In the minister’s case, it’s vital and admirable that she’s taking important measures like instituting a national food policy. That, she says, will help ensure all Canadians have access to a sufficient amount of safe, nutritious, and culturally diverse food.
“Making the food system more transparent to consumers… will strengthen and build public confidence and instill pride in our Canadian agriculture and food sector,” she says.
It’s a measure that must happen daily. Food Day Canada serves as a reminder of that imperative.
Agriculture is under the gun. The forces of nature and politics are pushing farmers to the limit. This spring was a disastrous for crop farmers in Ontario – it was so wet they couldn’t get onto their fields to plant when they needed to. Many crops were planted late, and without a near-perfect, extended end to the growing season, they could be in more trouble.
Then there are the unanticipated trade wars with the US and sanctions farmers face from China. They both are among our most treasured export destinations, but our relationship with them has deteriorated since Donald Trump became president – and ironically, since we followed international law and helped our American neighbours by arresting Chinese business executive Meng Wanzhou, who was wanted in the US.

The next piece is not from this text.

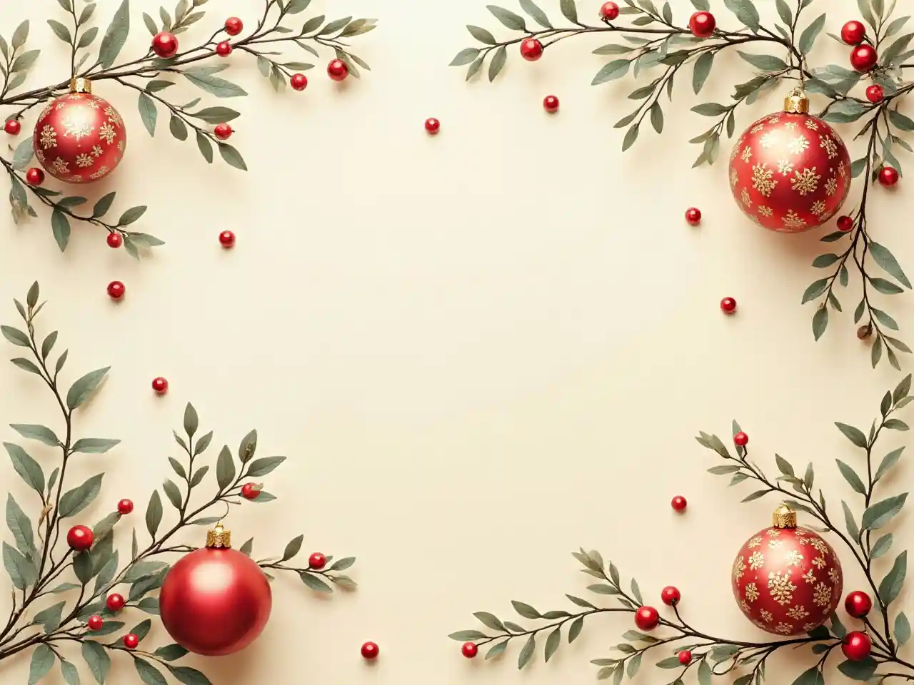 ਬੇਜ ਗੇਂਦਾਂ ਅਤੇ ਬੇਰੀਜ਼ ਨਾਲ ਕ੍ਰਿਸਮਸ ਦੀ ਵਾਲਪੇਪਰ

For their part, pork producers are likewise facing trade challenges with China, as well as continual pressure from activists back home who bestow their version of the truth on confused consumers. And even those on the fence of all this wonder about agricultural science and technology, with questions like whether we have enough bees to pollinate crops and if modern farming is getting in nature’s way.
So thank goodness for Food Day Canada and its role in reminding the country about agriculture’s many contributions – and challenges it faces – every day. And thanks to Stewart and the event’s organizers for their commitment to Canada’s most important and perhaps least understood sector, agriculture.